** WORKING DATA **
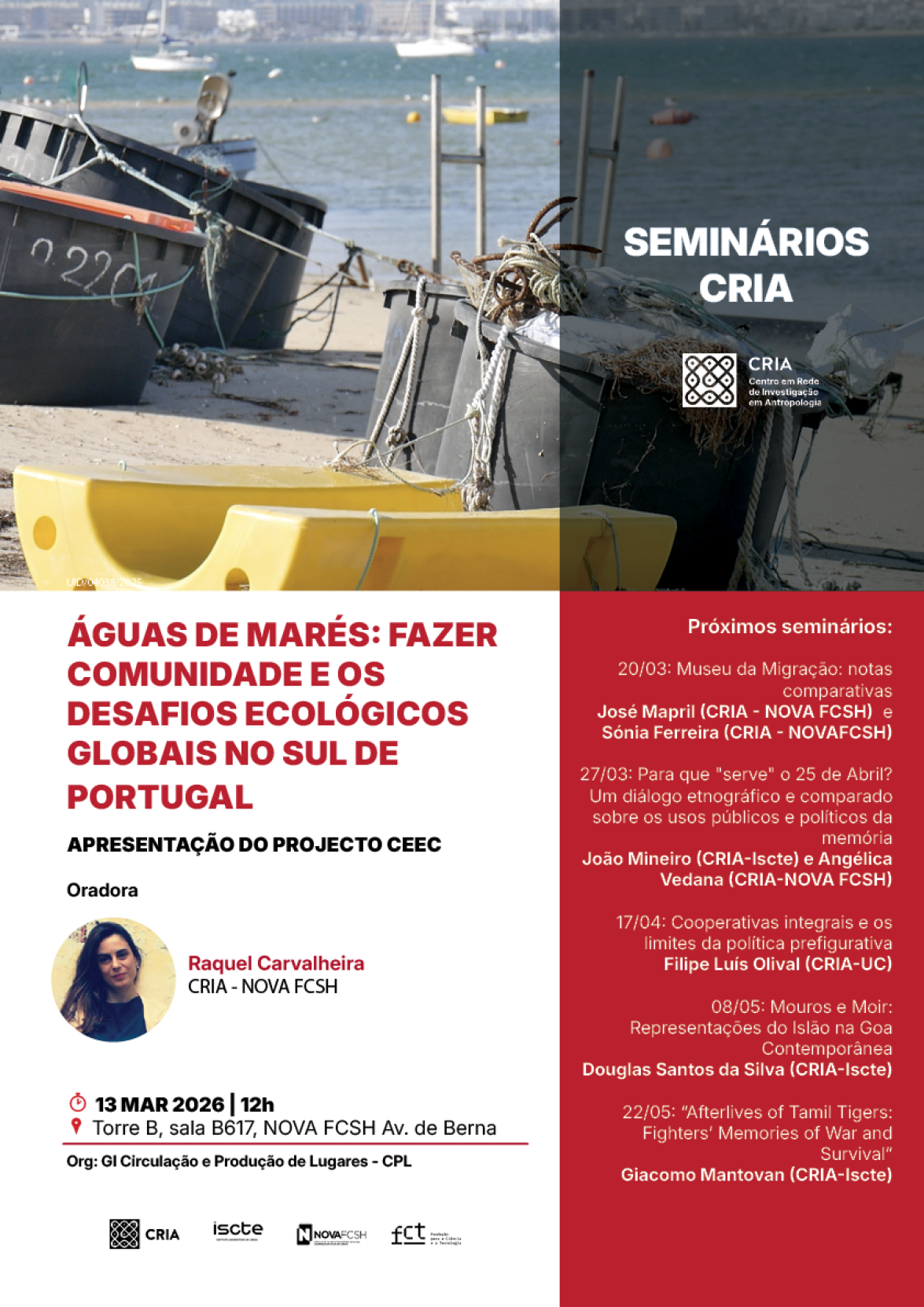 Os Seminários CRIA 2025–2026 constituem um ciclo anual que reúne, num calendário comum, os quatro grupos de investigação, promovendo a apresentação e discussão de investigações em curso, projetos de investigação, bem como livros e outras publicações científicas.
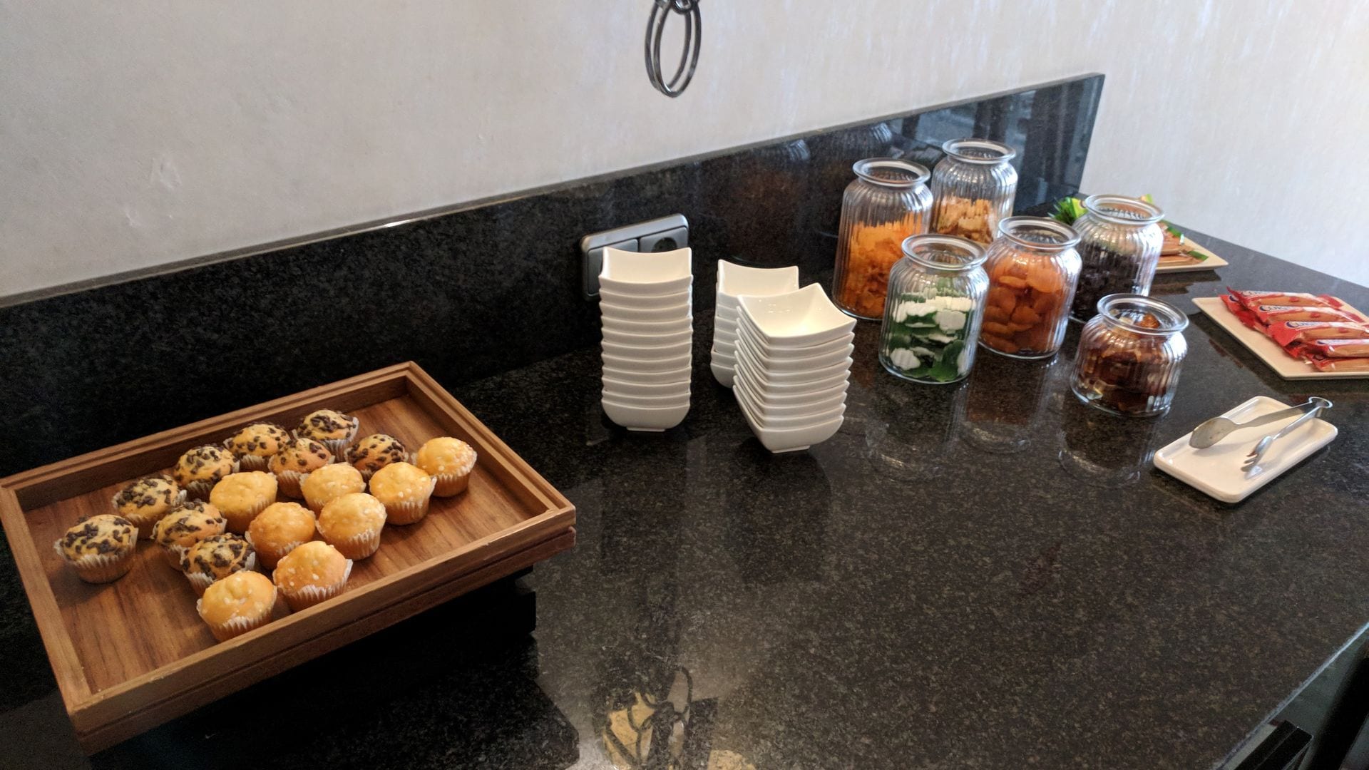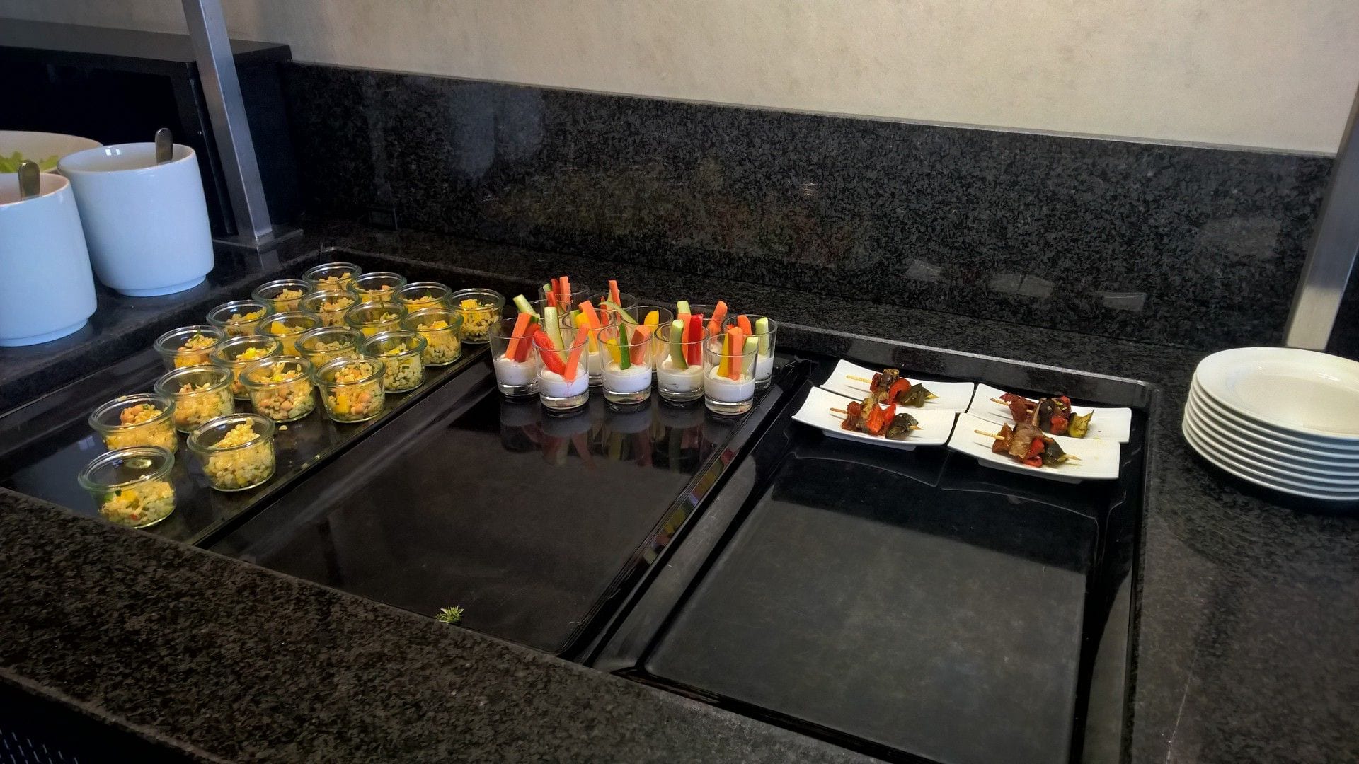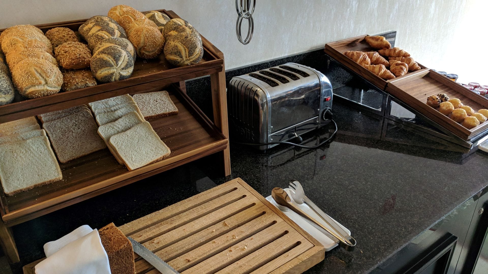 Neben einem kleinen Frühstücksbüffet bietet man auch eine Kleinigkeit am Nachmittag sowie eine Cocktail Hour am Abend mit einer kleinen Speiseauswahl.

...

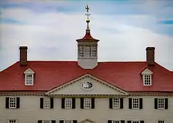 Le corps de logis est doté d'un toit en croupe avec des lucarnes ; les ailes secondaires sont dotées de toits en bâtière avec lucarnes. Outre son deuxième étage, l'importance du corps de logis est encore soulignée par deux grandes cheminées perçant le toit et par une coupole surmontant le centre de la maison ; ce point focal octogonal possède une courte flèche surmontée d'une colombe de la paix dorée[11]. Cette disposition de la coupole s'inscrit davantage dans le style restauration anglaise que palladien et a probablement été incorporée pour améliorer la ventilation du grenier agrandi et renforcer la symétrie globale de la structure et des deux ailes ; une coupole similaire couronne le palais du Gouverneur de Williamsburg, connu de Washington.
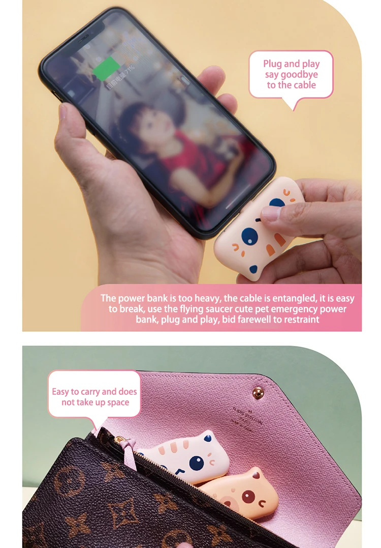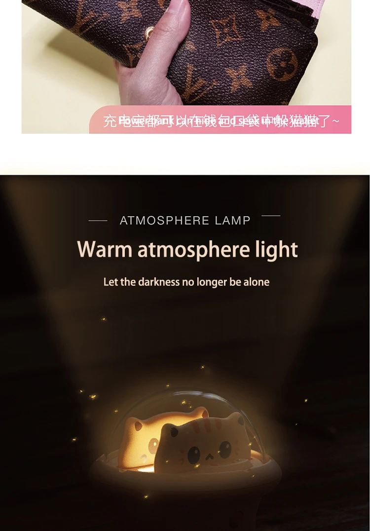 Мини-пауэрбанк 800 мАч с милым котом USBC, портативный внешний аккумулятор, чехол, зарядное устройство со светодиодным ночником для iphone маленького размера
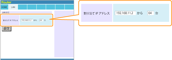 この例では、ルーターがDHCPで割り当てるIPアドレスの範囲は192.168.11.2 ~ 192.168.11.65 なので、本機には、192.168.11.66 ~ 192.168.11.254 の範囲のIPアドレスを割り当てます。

** EXERCISE DETAILS **
In the listing above, find the line with "Os Seminários CRIA" and the line with "Neben einem kleinen". Set down exactly those lines and everything between them, skipping pictures.

** ANSWER TO THIS TASK **
 Os Seminários CRIA 2025–2026 constituem um ciclo anual que reúne, num calendário comum, os quatro grupos de investigação, promovendo a apresentação e discussão de investigações em curso, projetos de investigação, bem como livros e outras publicações científicas.
 Neben einem kleinen Frühstücksbüffet bietet man auch eine Kleinigkeit am Nachmittag sowie eine Cocktail Hour am Abend mit einer kleinen Speiseauswahl.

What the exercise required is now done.